-- RECORDS FOR THE EXERCISE --
☆ ☆ ☆

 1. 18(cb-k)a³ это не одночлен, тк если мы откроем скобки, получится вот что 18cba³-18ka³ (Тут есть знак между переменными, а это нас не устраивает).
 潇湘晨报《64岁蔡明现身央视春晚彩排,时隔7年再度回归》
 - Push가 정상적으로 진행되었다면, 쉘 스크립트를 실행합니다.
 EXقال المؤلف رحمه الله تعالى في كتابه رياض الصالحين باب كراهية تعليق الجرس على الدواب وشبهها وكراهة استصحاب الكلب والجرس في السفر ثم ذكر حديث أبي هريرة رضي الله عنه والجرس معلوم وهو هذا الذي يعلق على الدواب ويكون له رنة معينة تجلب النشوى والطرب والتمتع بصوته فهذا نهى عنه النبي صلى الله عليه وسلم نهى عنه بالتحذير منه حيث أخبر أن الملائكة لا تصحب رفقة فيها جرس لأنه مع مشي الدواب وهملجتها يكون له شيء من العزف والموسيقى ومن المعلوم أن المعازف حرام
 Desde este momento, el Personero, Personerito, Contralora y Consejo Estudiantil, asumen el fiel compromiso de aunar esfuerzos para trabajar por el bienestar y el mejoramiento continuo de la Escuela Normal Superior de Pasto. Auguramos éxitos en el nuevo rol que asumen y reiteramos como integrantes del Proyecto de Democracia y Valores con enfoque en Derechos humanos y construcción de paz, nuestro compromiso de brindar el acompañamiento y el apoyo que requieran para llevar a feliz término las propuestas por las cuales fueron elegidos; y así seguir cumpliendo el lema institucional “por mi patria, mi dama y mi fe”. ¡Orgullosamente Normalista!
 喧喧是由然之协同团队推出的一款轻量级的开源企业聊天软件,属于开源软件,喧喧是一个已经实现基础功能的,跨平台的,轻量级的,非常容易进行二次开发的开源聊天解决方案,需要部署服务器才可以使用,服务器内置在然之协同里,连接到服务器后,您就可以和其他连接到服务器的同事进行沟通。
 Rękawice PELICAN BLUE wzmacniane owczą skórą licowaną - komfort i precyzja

☆ ☆ ☆

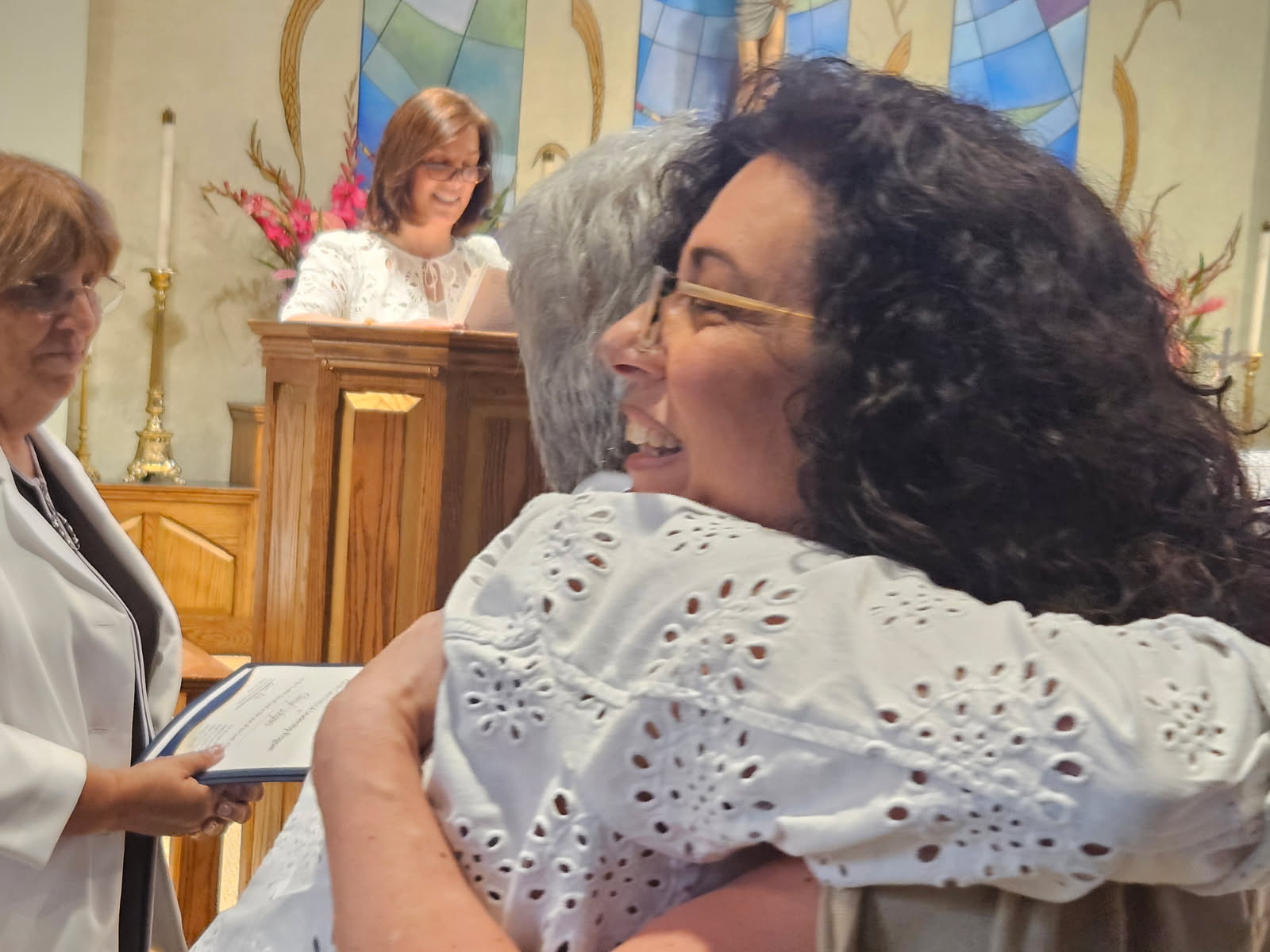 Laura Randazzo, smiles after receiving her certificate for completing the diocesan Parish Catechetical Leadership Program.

☆ ☆ ☆

-- PROBLEM REQUIREMENTS --
Once the line with "- Push가 정상적으로 진행되었다면, 쉘 스크립트를 실행합니다." is found in the records above, print exactly that line and every line after it through the line with "EXقال المؤلف رحمه".

-- RESULT FOR THIS TASK --
 - Push가 정상적으로 진행되었다면, 쉘 스크립트를 실행합니다.
 EXقال المؤلف رحمه الله تعالى في كتابه رياض الصالحين باب كراهية تعليق الجرس على الدواب وشبهها وكراهة استصحاب الكلب والجرس في السفر ثم ذكر حديث أبي هريرة رضي الله عنه والجرس معلوم وهو هذا الذي يعلق على الدواب ويكون له رنة معينة تجلب النشوى والطرب والتمتع بصوته فهذا نهى عنه النبي صلى الله عليه وسلم نهى عنه بالتحذير منه حيث أخبر أن الملائكة لا تصحب رفقة فيها جرس لأنه مع مشي الدواب وهملجتها يكون له شيء من العزف والموسيقى ومن المعلوم أن المعازف حرام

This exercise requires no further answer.